- [Information]:
▶
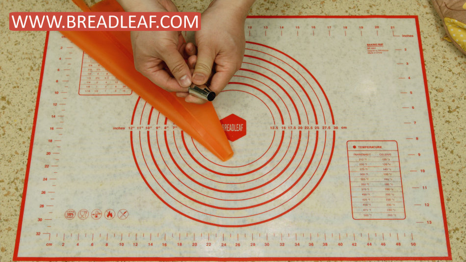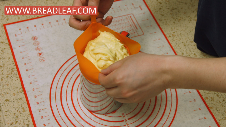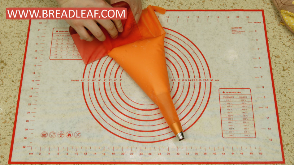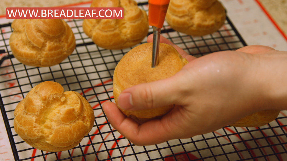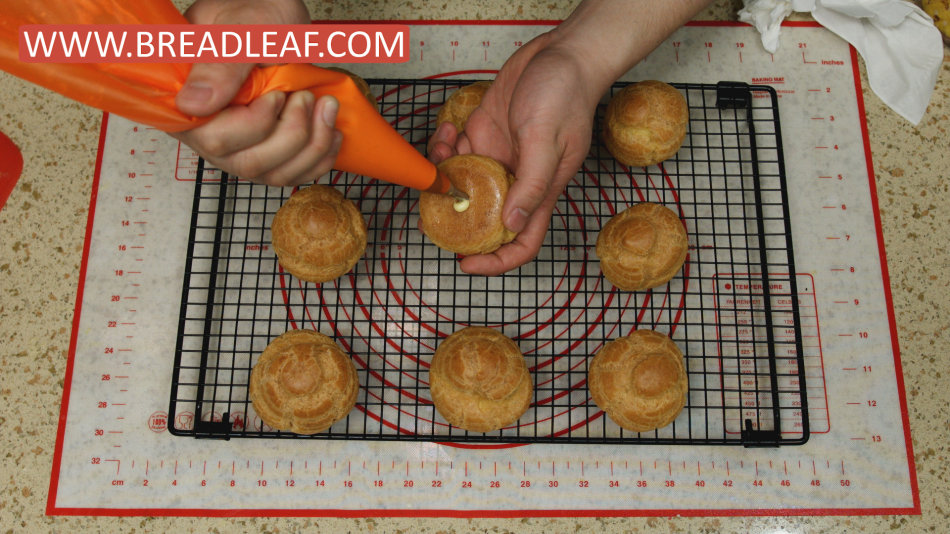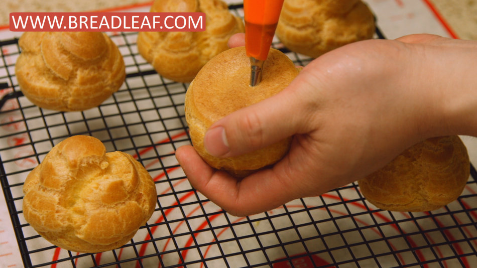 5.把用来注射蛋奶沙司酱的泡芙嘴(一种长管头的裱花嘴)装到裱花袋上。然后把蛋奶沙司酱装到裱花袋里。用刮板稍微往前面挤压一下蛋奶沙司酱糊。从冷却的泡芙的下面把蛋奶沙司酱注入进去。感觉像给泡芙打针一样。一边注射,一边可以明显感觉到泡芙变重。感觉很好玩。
◀
▶
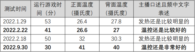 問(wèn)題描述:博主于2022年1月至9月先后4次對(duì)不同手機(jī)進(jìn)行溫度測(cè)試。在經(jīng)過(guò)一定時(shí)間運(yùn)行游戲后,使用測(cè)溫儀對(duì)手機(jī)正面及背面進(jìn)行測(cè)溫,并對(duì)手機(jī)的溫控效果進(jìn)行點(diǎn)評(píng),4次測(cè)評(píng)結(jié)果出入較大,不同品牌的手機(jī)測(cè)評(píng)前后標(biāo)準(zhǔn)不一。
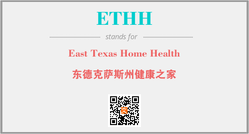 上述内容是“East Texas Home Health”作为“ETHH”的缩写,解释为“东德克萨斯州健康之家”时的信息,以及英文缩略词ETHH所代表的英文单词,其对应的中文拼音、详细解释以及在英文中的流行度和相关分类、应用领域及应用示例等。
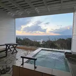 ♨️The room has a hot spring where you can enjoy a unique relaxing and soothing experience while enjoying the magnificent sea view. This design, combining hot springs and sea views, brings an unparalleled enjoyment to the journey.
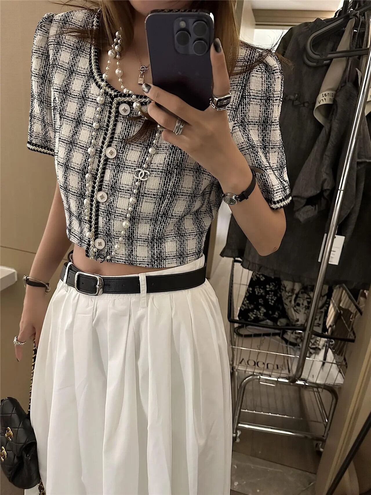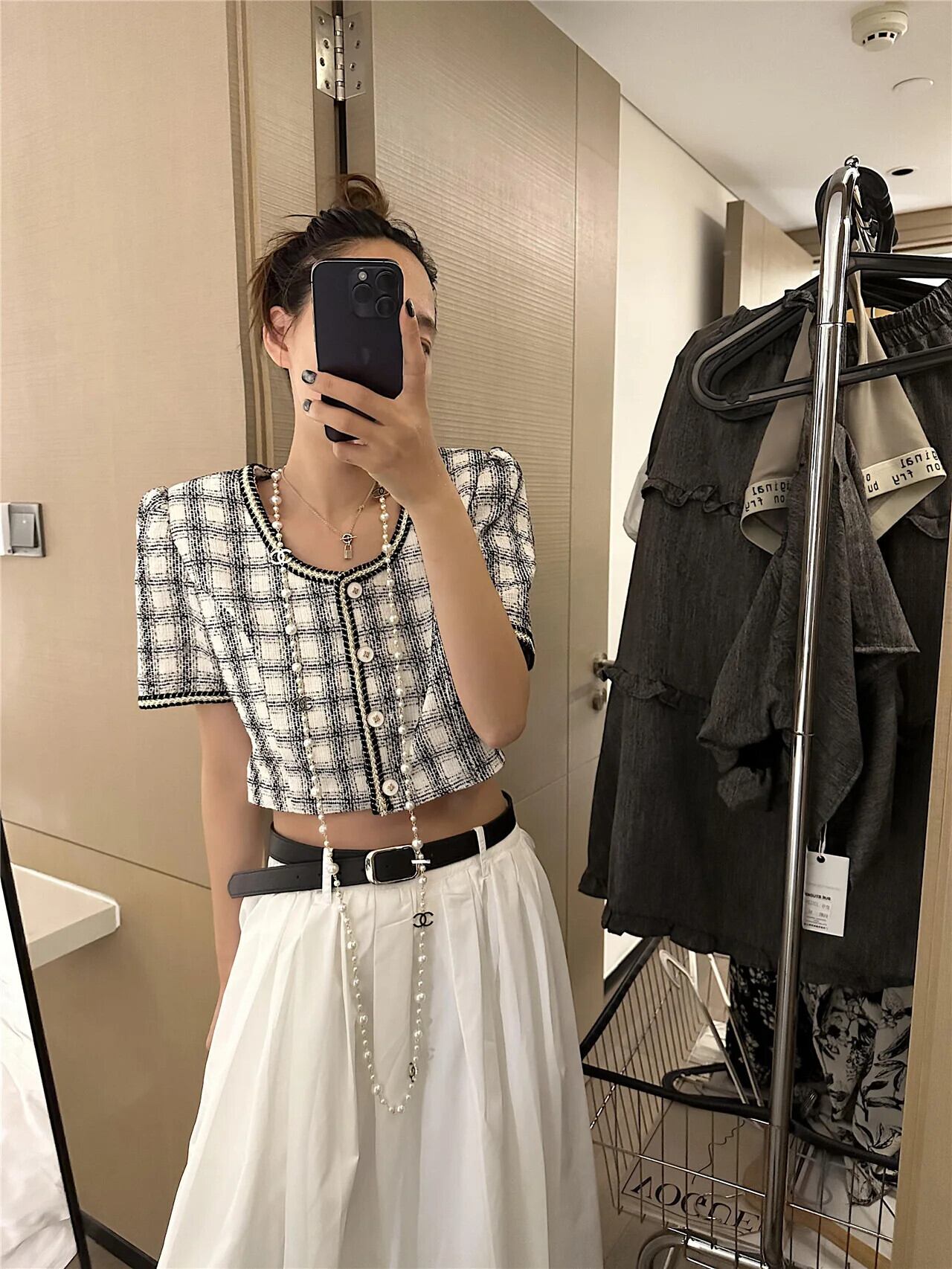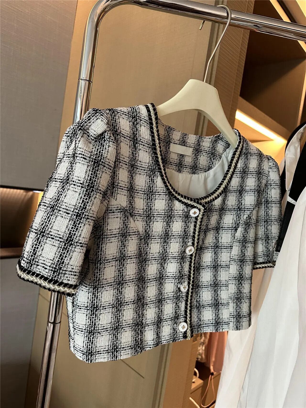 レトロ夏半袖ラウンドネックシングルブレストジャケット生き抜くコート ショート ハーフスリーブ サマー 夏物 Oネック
◀
- [Assigned task]:
Using the entries above, extract exactly the lines from the one that contains "to the journey." through the one that contains "レトロ夏半袖ラウンドネックシングルブレストジャケット生き抜くコート ショート ハーフスリーブ". Do not carry over any pictures.

- [Solution to the exercise]:
 ♨️The room has a hot spring where you can enjoy a unique relaxing and soothing experience while enjoying the magnificent sea view. This design, combining hot springs and sea views, brings an unparalleled enjoyment to the journey.
 レトロ夏半袖ラウンドネックシングルブレストジャケット生き抜くコート ショート ハーフスリーブ サマー 夏物 Oネック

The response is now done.